Your objective: Your answer should be the lines of the data below that contain "with".

Dataset records:
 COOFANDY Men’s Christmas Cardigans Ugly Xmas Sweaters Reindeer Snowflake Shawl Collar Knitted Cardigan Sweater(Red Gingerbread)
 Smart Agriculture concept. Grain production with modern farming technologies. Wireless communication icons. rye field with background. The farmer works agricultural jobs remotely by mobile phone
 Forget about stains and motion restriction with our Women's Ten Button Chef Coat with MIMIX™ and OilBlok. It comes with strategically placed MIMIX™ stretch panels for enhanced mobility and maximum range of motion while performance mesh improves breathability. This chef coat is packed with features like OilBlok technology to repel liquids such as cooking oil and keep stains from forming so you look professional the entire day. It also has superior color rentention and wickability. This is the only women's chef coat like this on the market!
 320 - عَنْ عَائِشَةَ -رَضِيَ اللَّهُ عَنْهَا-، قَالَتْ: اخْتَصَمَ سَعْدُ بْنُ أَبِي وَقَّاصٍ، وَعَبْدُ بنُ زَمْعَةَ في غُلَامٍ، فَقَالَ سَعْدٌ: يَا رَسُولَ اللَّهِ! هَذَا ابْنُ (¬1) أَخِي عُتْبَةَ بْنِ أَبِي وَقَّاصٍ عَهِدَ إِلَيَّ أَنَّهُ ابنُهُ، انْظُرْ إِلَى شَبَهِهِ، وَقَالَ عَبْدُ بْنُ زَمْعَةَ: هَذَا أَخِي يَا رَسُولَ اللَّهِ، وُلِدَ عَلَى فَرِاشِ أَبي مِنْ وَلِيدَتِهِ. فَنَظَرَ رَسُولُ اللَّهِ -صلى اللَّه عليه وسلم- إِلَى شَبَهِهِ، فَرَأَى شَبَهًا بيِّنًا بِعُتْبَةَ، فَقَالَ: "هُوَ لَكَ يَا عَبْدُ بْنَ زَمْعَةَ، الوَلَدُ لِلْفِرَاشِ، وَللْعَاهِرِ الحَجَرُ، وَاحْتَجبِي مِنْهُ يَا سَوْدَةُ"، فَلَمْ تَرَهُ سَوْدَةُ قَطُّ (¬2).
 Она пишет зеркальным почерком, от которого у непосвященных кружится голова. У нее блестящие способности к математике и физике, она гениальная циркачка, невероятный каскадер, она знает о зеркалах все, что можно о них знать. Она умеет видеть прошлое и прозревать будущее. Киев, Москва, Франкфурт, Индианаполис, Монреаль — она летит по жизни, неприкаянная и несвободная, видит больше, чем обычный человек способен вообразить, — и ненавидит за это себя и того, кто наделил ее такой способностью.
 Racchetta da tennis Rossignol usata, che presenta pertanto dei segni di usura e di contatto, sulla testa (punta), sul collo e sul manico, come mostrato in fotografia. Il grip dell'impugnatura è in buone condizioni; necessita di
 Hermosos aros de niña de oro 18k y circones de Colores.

Exercise solution:
 Smart Agriculture concept. Grain production with modern farming technologies. Wireless communication icons. rye field with background. The farmer works agricultural jobs remotely by mobile phone
 Forget about stains and motion restriction with our Women's Ten Button Chef Coat with MIMIX™ and OilBlok. It comes with strategically placed MIMIX™ stretch panels for enhanced mobility and maximum range of motion while performance mesh improves breathability. This chef coat is packed with features like OilBlok technology to repel liquids such as cooking oil and keep stains from forming so you look professional the entire day. It also has superior color rentention and wickability. This is the only women's chef coat like this on the market!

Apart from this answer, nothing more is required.